A cena do rap no Distrito Federal está se destacando cada vez mais, impulsionada por talentosas vozes femininas que enfrentam os obstáculos do machismo e a falta de reconhecimento. Artistas como Negraflow, DJ Ketlen e Isa Marques são algumas das representantes dessa força emergente. Elas se apresentarão no festival Meskla neste sábado (16/5), dividindo o palco com nomes de destaque nacional, como Duquesa, Mano Brown e Djonga.
Negraflow é uma das figuras centrais desse movimento. Em uma entrevista ao Metrópoles, a MC compartilhou que o principal desafio enfrentado por elas ainda é a visibilidade. “Infelizmente, há poucos espaços disponíveis para mostrarmos nosso trabalho e nossa arte. Estou aqui com meu rap para romper barreiras e sempre busco lugares que me acolham para apresentar meu som.”

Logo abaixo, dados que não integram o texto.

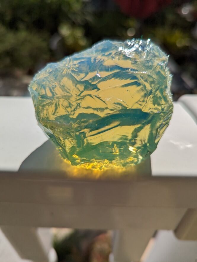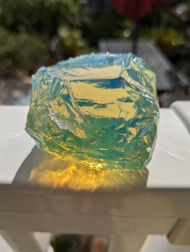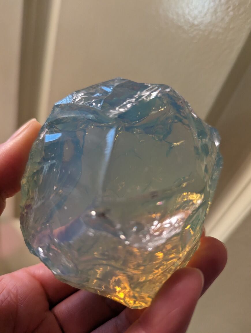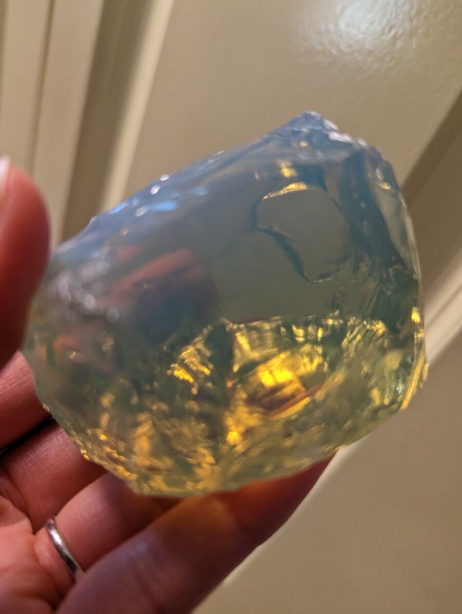 インドネシア産 アンダラクリスタル オパールライトミルキーグリーン(光により輝くはちみつの様なライトグリーン・気泡あり) 重さ約319~320g

Embora o rap tenha sido historicamente dominado por homens, a rapper observa um crescimento constante da presença feminina: “Nós, mulheres, estamos lutando para mudar essa realidade, e fico contente em ver que estamos cada vez mais aparecendo na cena.”
Além da busca por visibilidade, Negraflow enfatiza a importância da representatividade e da união entre mulheres dentro do movimento. “Atualmente, temos a Frente de Hip Hop Feminino, uma associação de mulheres que abre portas para que outras possam mostrar seus trabalhos e estabelecer conexões, não apenas em Brasília, mas também em outros estados”, explica.

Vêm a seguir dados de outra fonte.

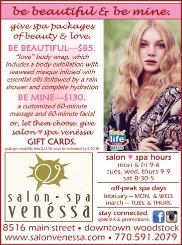 Christine’s Creations would like to thank their loyal customers for a wonderful 2015, and for voting for them to win in the “Best Furniture/ Home Design” category in Woodstock. They were inadvertently left out of the announcement listing in the January Woodstock Family Life issue. They have big plans for 2016, starting with design classes to “Help You Help Yourself.” 8494 Main St., Woodstock. 770-591-5944. Facebook.com/ ChristinesOfWoodstock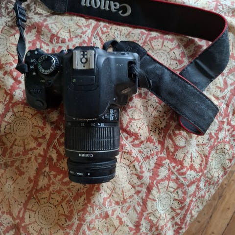 Canon EOS 1100D digitalkamera med medfølgende batterilader og håndbok på svensk. Kameraet har et standardobjektiv 18-55 mm objektiv med makrofunksjonen. Med en skulderrem og en flott fotobag til oppbevaring. Passer for nybegynnere.

DJ Ketlen, por sua vez, ressalta a presença feminina desde os primórdios do hip-hop. “Sempre houve mulheres ativas nesse espaço, seja cantando ou promovendo a cultura na cidade, mesmo que muitas vezes não tenham recebido a devida atenção”, destaca.
Ela também menciona que os desafios vão além da participação em eventos, incluindo a desvalorização financeira. “As dificuldades são diversas; uma delas é a presença e o reconhecimento dessas mulheres em line-ups de eventos e festivais com remuneração justa, que muitas vezes representa nosso maior desafio.”
Inspirada por sua vivência nas periferias, DJ Ketlen transforma suas experiências em sets cheios de identidade. “Meu cotidiano alimenta meus sets: o som dos meus amigos, meu contato com a rua, a maneira de me vestir e me expressar, o graffiti nas paredes, a música que toca nos meus fones! Minha vivência nas periferias é minha maior fonte de inspiração”, afirma.
Ela ainda ressalta que a cultura hip-hop vai além de um simples gênero musical, funcionando como um refúgio para aqueles que buscam voz e reconhecimento. A MC Isa Marques também nota um crescimento significativo para as mulheres no rap do DF, destacando iniciativas como a Batalha das Gurias, que desde 2013 promove a participação feminina no hip-hop. Contudo, ela alerta que a luta continua sendo de resistência.